И я, чувствуя, как сворачивается всё внутри в комок переживаний, открываю дверь и переступаю порог его кабинета. Малфой – опухшие веки, торопливо застёгнутая мятая рубашка, красные пятна, сползающие с щёк на шею – смотрит на меня с ненавистью и злобой, выплёвывает яростно:

– Поттер!..

– Драко! – должно быть, лишь окрик Снейпа не позволяет Малфою свернуть мне шею. Тяжёлая ладонь декана ложится на худое плечо, и я смотрю на этот жест так долго, что после, когда замечаю ухмылку Малфоя, понимаю: он знает. – Оставь нас с мистером Поттером наедине.

Я жду протестов и проклятий, но Малфой уходит молча, только на прощание больно задевает меня острым локтем. Дверь закрывается за ним с тихим глухим звуком.

Я остаюсь один на один с Северусом Снейпом.

– Мистер Поттер, – почти мурлыканье, такой бархатный, гладкий тон, что я напрягаюсь и невольно краснею, – родители не научили вас, что подслушивать нехорошо?

– Сэр, я… это вышло… – мне и самому кажется жалким этот лепет. Снейп раздражённо взмахивает рукой, не позволяя мне оправдаться, отворачивается, идёт к своему столу, не глядя на меня, словно разочарован (почему эта мысль пугает?). И, опускаясь в кресло, негромко произносит:

– Я был о вас лучшего мнения.

И тихое спокойствие этого тона – не злость, в порыве которой можно наговорить лишнего – оседает у меня во рту пеплом. Я смотрю на него беспомощно и с мольбой, готовый сделать что угодно, лишь бы исчезла эта складка на его лбу, но Снейп ни о чём меня не просит и ничего не требует: он вертит в пальцах ручку, закусив губу, а после произносит, чеканя каждое слово:

– Поезжайте домой. Поешьте. И выпейте на ночь свои лекарства. Меня можете не ждать.

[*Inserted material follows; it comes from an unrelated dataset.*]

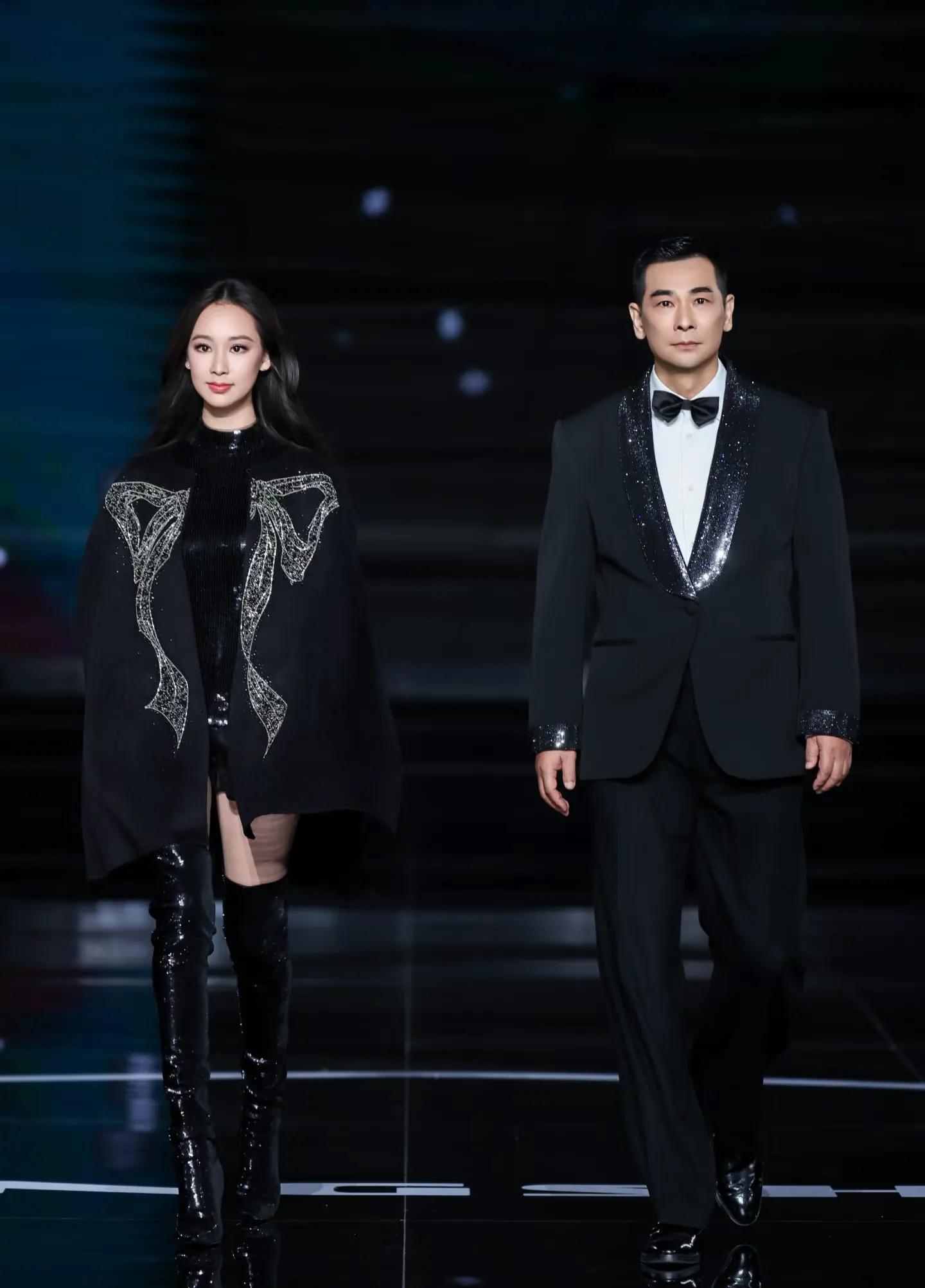 赵文卓带着女儿玫瑰一起走秀,17岁的玫瑰刚刚高中毕业,两个人都是英气十足,一起出场,像走正步一样。

– Сэр! – я вскидываюсь, закусываю губу, зная, что мне стоит сдержаться, но против собственной воли выпаливаю:

– Вы будете с Драко?

Чёрная ярость его взгляда обжигает мне ресницы и брови. Снейп – коршун, ссутулившийся в человеческом кресле – холодно произносит:

– Не суйте свой нос в чужие дела, Поттер. Буду ли я с мистером Малфоем или нет, не должно вас волновать.

– Вы называли его Драко, – брякаю я, глядя на него с обидой и вызовом. И это – моя ошибка.

Снейп – громада черноты, усталая тьма – поднимается на ноги. Опирается ладонями на стол. Подаётся вперёд. И вкрадчиво произносит:

– Пошёл вон.

– Профессор! – мы так близко, что его прерывистое дыхание ощущается на моей щеке лёгким теплом, и я вижу своё отражение в его зрачках. – Послушайте, я не…

– Я сказал, пошёл вон! – почти орёт он, и я смотрю в это разъярённое, искажённое гримасой гнева лицо долгую секунду перед тем, как вылететь за дверь. У меня жалко дрожат пальцы, накрывает запоздалым откатом: безотчётный страх поднимается до самого горла, волнуется и булькает, и я почти убегаю отсюда, от него, спотыкаясь на каждом шагу.

Не помню, как добираюсь до его дома – всё как в тумане. Перед глазами пустота. Долго ищу спрятанный с поистине снейповской педантичностью запасной ключ, вваливаюсь, нагруженный рюкзаком и сумкой, в маленькую узенькую прихожую. И только здесь, в пункте назначения, силы оставляют меня. И приходит горячий, горький стыд – за всё, что сделал и сказал. Закрываю лицо руками, бессильно стону, жмурюсь так, что больно. Ну с чего, с чего я взял, что они любовники? А даже если так – кто я такой, чтобы намекать Снейпу на это? Чтобы винить Снейпа за это? И как называется свернувшийся в моём животе зверь, скалящий морду, стоит мне вспомнить это их откровенное, почти интимное объятие?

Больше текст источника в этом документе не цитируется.